Dataset extract
============================================================
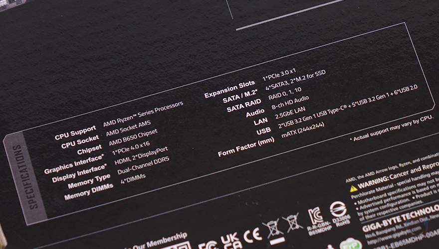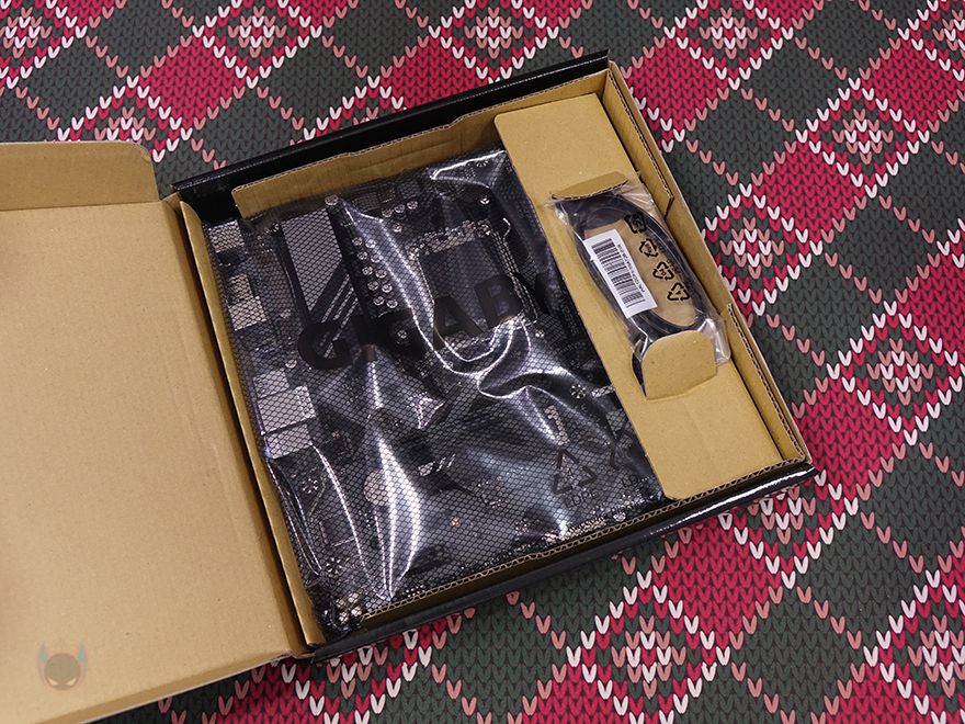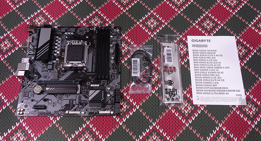 박스를 열어보면, 메인보드 기본 포장처리가 되어 있으며, 구성품은 B650M D3HP 메인보드, SATA 케이블 1개, 백패널 I/O 쉴드, 기본 설치가이드로 역시 구성품 차이는 B650M K와 차이가 없습니다.
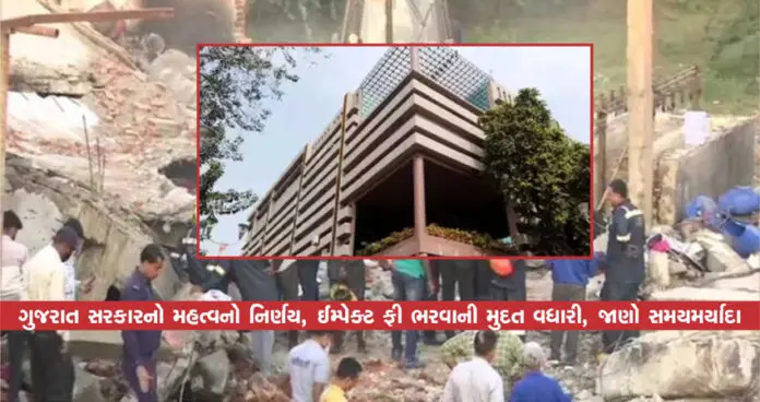 રાજ્યમાં બિનઅધિકૃત ગેરકાયદેસર બાંધકામો ફી ભરીને કાયદેસર કરવા માટેની ઇમ્પેક્ટ ફી ભરવાની મુદત વધુ 6 મહિના લંબાવાઇ છે. ઈમ્પેક્ટ ફી ભરવાની મુદતમાં સતત ચોથી વખત વધારો કરવામાં આવ્યો છે. ઉલ્લેખનીય છે કે ત્રીજી વખત અપાયેલી 6 મહિનાની મુદત 16મી જૂને એટલે કે આજે પૂર્ણ થઈ રહી હતી. હવે નવી તારીખ 17મી જૂન રવિવારથી આગામી છ મહિના સુધી મુદતમાં વધારો કરવામાં આવ્યો છે.
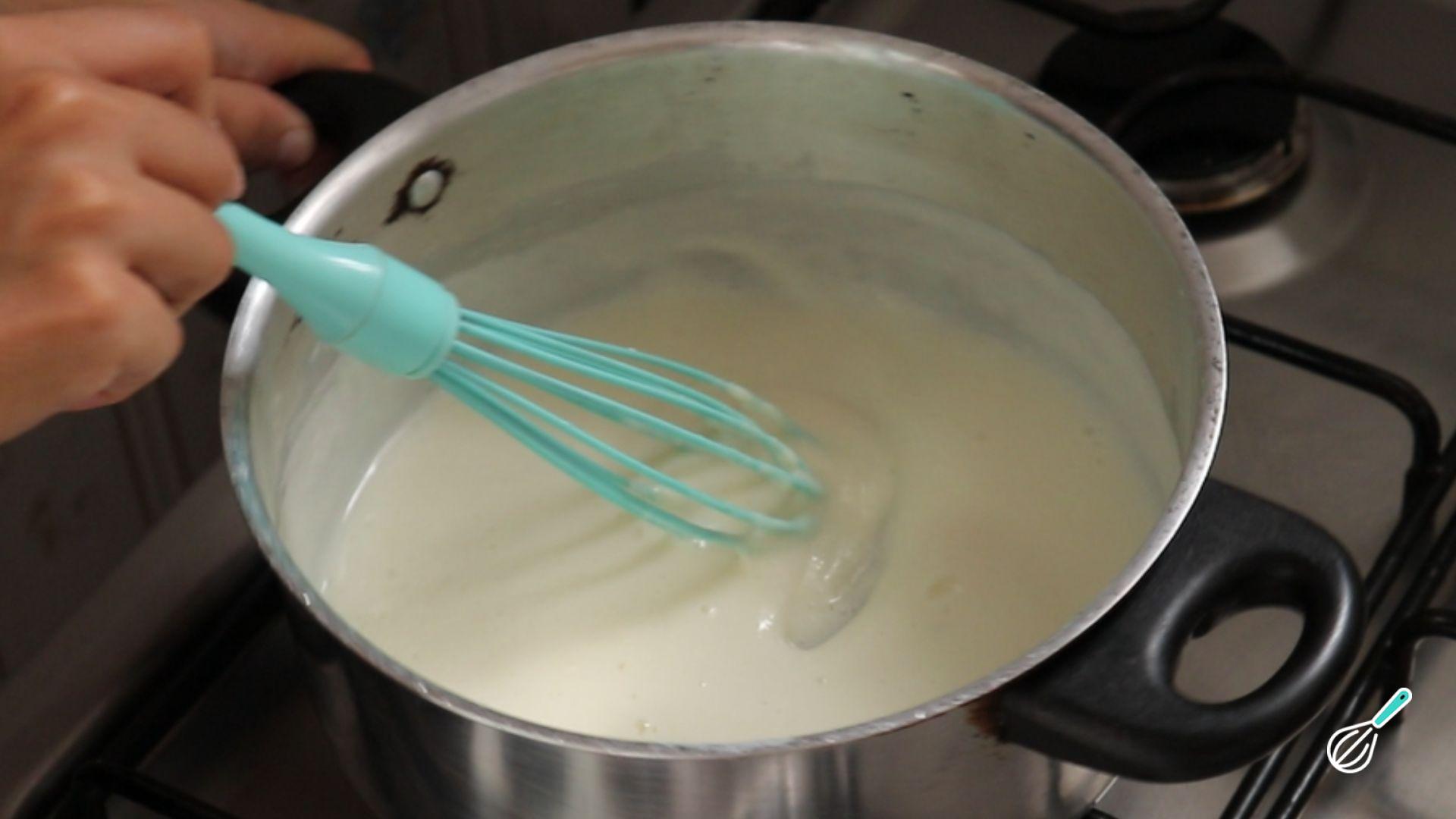 Leve ao fogo e cozinhe em fogo baixo, mexendo sempre. Quando começar a ferver, cozinhe por mais 3 minutos misturando vigorosamente para que o amido cozinhe e não deixe sabor residual.
============================================================
Aim of the task
Repeat every line above exactly, but omit all images.

Answer
 박스를 열어보면, 메인보드 기본 포장처리가 되어 있으며, 구성품은 B650M D3HP 메인보드, SATA 케이블 1개, 백패널 I/O 쉴드, 기본 설치가이드로 역시 구성품 차이는 B650M K와 차이가 없습니다.
 રાજ્યમાં બિનઅધિકૃત ગેરકાયદેસર બાંધકામો ફી ભરીને કાયદેસર કરવા માટેની ઇમ્પેક્ટ ફી ભરવાની મુદત વધુ 6 મહિના લંબાવાઇ છે. ઈમ્પેક્ટ ફી ભરવાની મુદતમાં સતત ચોથી વખત વધારો કરવામાં આવ્યો છે. ઉલ્લેખનીય છે કે ત્રીજી વખત અપાયેલી 6 મહિનાની મુદત 16મી જૂને એટલે કે આજે પૂર્ણ થઈ રહી હતી. હવે નવી તારીખ 17મી જૂન રવિવારથી આગામી છ મહિના સુધી મુદતમાં વધારો કરવામાં આવ્યો છે.
 Leve ao fogo e cozinhe em fogo baixo, mexendo sempre. Quando começar a ferver, cozinhe por mais 3 minutos misturando vigorosamente para que o amido cozinhe e não deixe sabor residual.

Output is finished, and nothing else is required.